The Prime Minister, Boris Johnson, 56, has moved to resolve a family quarrel by giving a peerage to his brother, Jo, 48, who resigned from his brother’s government and quit politics altogether in September last year over Brexit, citing a conflict “between family loyalty and the national interest”.
Jo, who was once the Financial Times’s India correspondent based in Delhi and then developed good relationships with his Indian counterparts as universities and science minister, is expected to add a sympathetic voice in support of India when he joins the Tory benches in the House of Lords.
His tweet announcing his departure from the government last year was something of a bombshell. “It’s been an honour to represent Orpington for 9 years & to serve as a minister under three PMs,” said Jo,a much quieter figure compared with flamboyant elder brother. In recent weeks I’ve been torn between family loyalty and the national interest — it’s an unresolvable tension & time for others to take on my roles as MP & Minister….It’s time to move on.”
The BBC’s assistant political editor, Norman Smith, explained Jo’s departure by commenting: “This isn’t some minor family tiff. This is Jo Johnson trying to cut the political legs from under his brother in a very, very public way because he is saying in effect, ‘I don’t really trust my brother. I don’t have confidence in what he’s doing. I don't think I can carry on as a Tory MP. And the timing and the fact that he’s chosen to go public with it in this way is designed to basically put the skids under his brother.”
This was also speculation that Jo had reservations about Boris splitting from his wife of 25 years, Marina Wheeler, while she was battling cervical cancer. It was also not known what Jo thought of his brother’s girlfriend, Carrie Symonds.
Since then, Boris has survived a near death experience after contracting coronavirus. His divorce from Marina has been finalised, and he has had a baby son with 32-year-old Carrie, who now lives in 10 Downing Street with the Prime Minister as his “fiancée”. After leaving politics, Jo has kept a low profile but he did turn up on October 2 last year for the commemoration of Gandhi’s 150 birth anniversary held by the statue of the Mahatma in Parliament Square in London. Jo is among 36 people being elevated to the Lords.

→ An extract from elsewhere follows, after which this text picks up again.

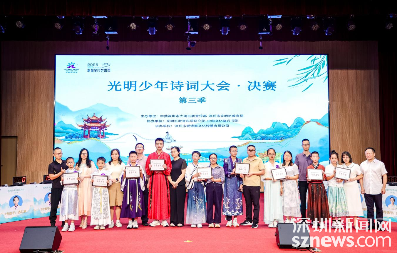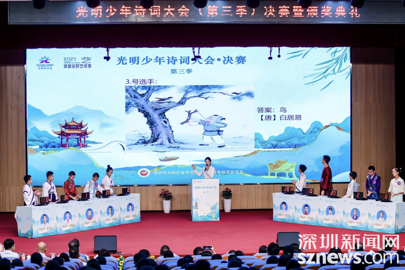 据悉,“光明少年诗词大会(第三季)”由中共深圳市光明区委宣传部、深圳市光明区教育局共同主办。除海选、初赛、复赛、半决赛、决赛暨颁奖典礼等环节外,本季诗词大会还创新融入“古诗今唱音乐会”与“种梦光明”深港青少年童诗创作大赛,旨在以多元形式激发青少年对古诗词的热爱,提升青少年人文素养,厚植青少年文化自信,为光明区打造世界一流科学城注入文化活力,同时推动深港学子以诗会友,共筑湾区人文纽带。
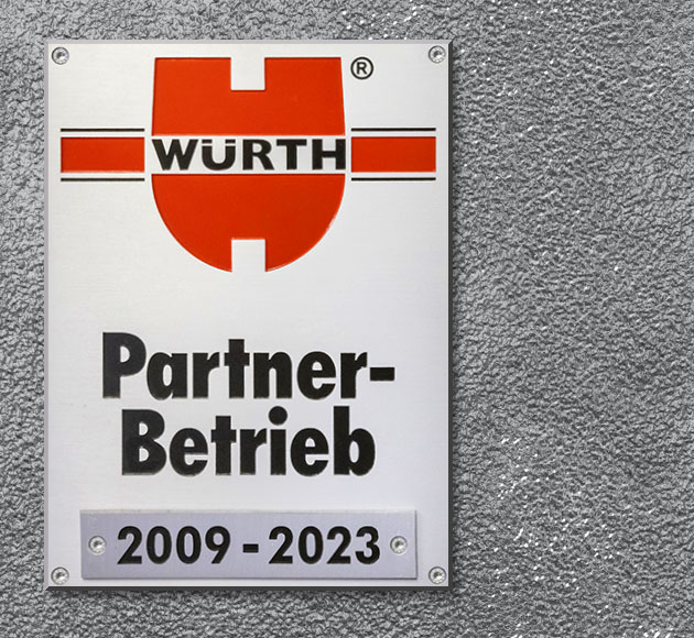 Wir sind zertifizierter Partnerbetrieb der Firma Würth und haben somit direkten Zugriff auf Verbrauchsmaterial, hochwertige Holzleime und Bauchemie sowie auf Schrauben, Befestigungstechnik und Beschläge aller Art.

Apart from Ian Botham, former England all-rounder and staunch Brexit supporter, whose elevation has been well trailed,, they include the columnist Charles Moore, who has been Boris’s editor at The Daily Telegraph and the Russian media mogul Evgeny Lebedev, owner of the London Evening Standard; Veronica Wadley, a former editor of the Standard and Boris’s former colleague at the Daily Telegraph where she was deputy editor; and Philip May, husband of former Prime Minister Teresa May.
Boris has also offered an olive branch by giving peerages to two former Tory anti-Brexit heavyweights who were effectively thrown out the Conservative for voting against his government – former chancellors Ken Clarke and Philip Hammond.
Among people of Asian origin, peerages have been given to Conservative Party Treasurer Aamer Sarfraz, and Prem Sikka, a professor of accounting at the University of Sheffield. The latter was nominated by the former Labour leader Jeremy Corbyn.
It is traditional for outgoing Speakers to be sent to the Lords but John Bercow has been denied this honour because of his regular clashes with senior Tory ministers when he was in charge of the Commons from 2009 to 2019.
Inevitably, Boris was accused of choosing peers from a close circle of friends and acolytes.
Scottish National Party MP Pete Wishart called the selection “the worst kind of cronyism”, accusing the Prime Minister of giving jobs for life to “friends and those who have done him favours”.
The Liberal Democrats’ leader in the Lords, Lord Newby, added: “By giving a large number of his cronies peerages, he has shown that the Tories have abandoned any pretence of reducing the size of the bloated (830 strong) House of Lords.”